Ах, как светло улыбалась Эльяс, слушая мое унижение!
– Завтра на весь день вы поступаете в распоряжение других невест. На завтра я своим императорским указом отнимаю у вас титул л’лэарди. Оденетесь не в белый траурный наряд, а в черный, как люди. Будете прислуживать моим невестам во время выпечки и раздачи поминального хлеба, во время поминального ужина и на протяжении всего дня, если кому-нибудь из них понадобится ваша помощь.
* * *
На тринадцатый день на рассвете пекут хлеб, чтобы днем раздать его друзьям, нищим и прохожим за покой и «сытость» души усопшего.
Небо едва посерело на востоке. Девы в белом под гулкими монастырскими сводами – тени-призраки. Хочется раствориться в полумраке вдали от всех, найти тихое место, свернуться в комочек, чтоб сохранить остатки тепла, и смежить веки. В этих бесконечных коридорах легко потеряться, в этом холоде можно уснуть надолго. Откроешь глаза, глядь – а на дворе другая эпоха.
Почему у этой Риннэн такой бодрый, дневной, командирский голос?

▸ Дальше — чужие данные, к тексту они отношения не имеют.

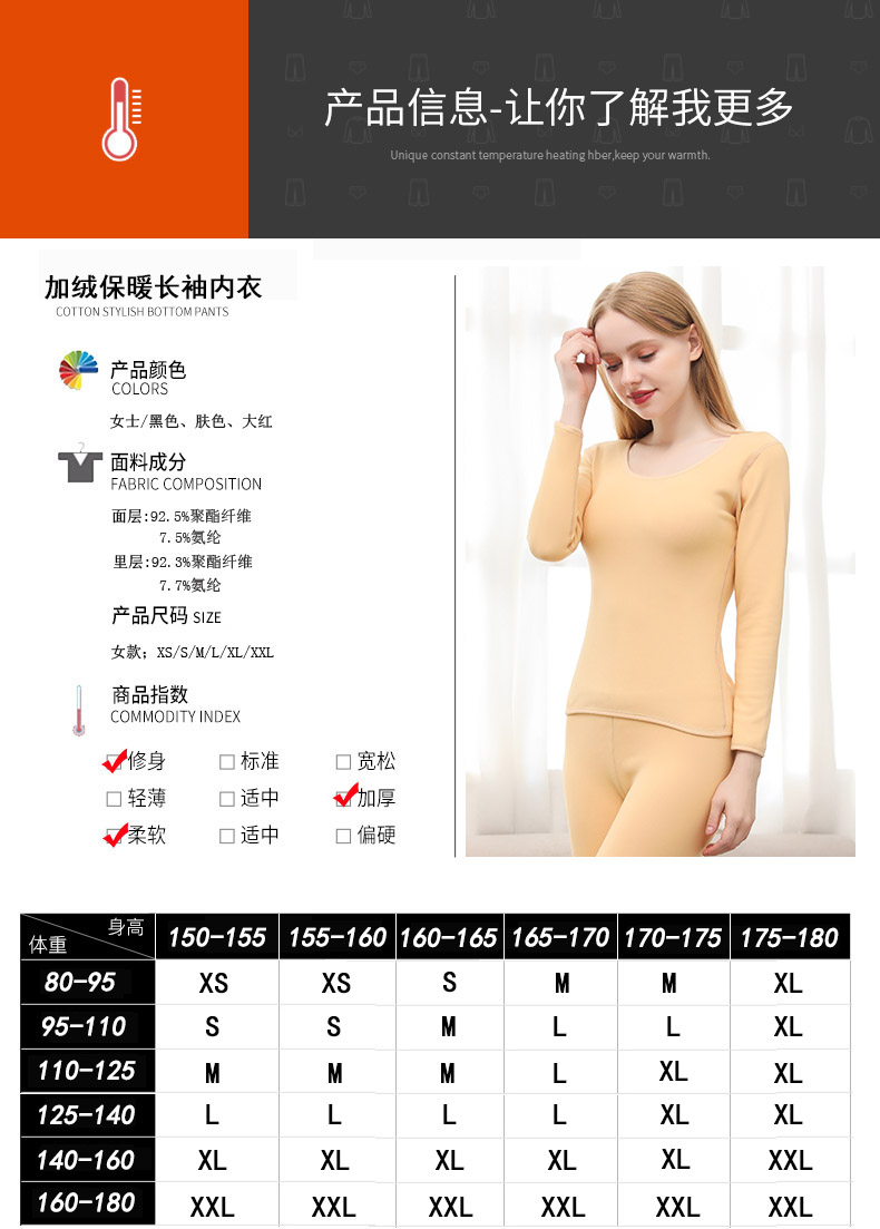 精选优质黄金绒,保暖性能提升1.5-2倍,贴身保暖自然透气,优质绒内里不掉毛,无静电零摩擦不起球。

У невыспавшихся голоса обязаны звучать с хриплым отчаяньем. Даже булочницы, которые приехали с нами, молчаливы, бесшумны, сбиваются в плотные группки, как стайки птиц, пытающихся согреться.
Они тоже в белом. Они всегда носят этот цвет, им дозволено скорбеть об императоре в белом. Даже им, в отличие от меня. У столичной гильдии булочниц всегда были особые привилегии. Давным-давно, в дни юности Богини, на землю у ворот дома пекаря упал ветренник, раненный молнией. В те времена люди и саганы жили в кровной, смертельной вражде. Люди с ликованием пленили бы раненого беспомощного стихийника, чтобы выпотрошить в своих страшных ритуалах; но первой упавшего ветренника увидела дочь пекаря, красивая белокурая девушка. Пожалев прекрасного юношу, она спрятала его от родителей, перевязала раны и накормила хлебом. То была первая человеческая еда, которую вкусил саган.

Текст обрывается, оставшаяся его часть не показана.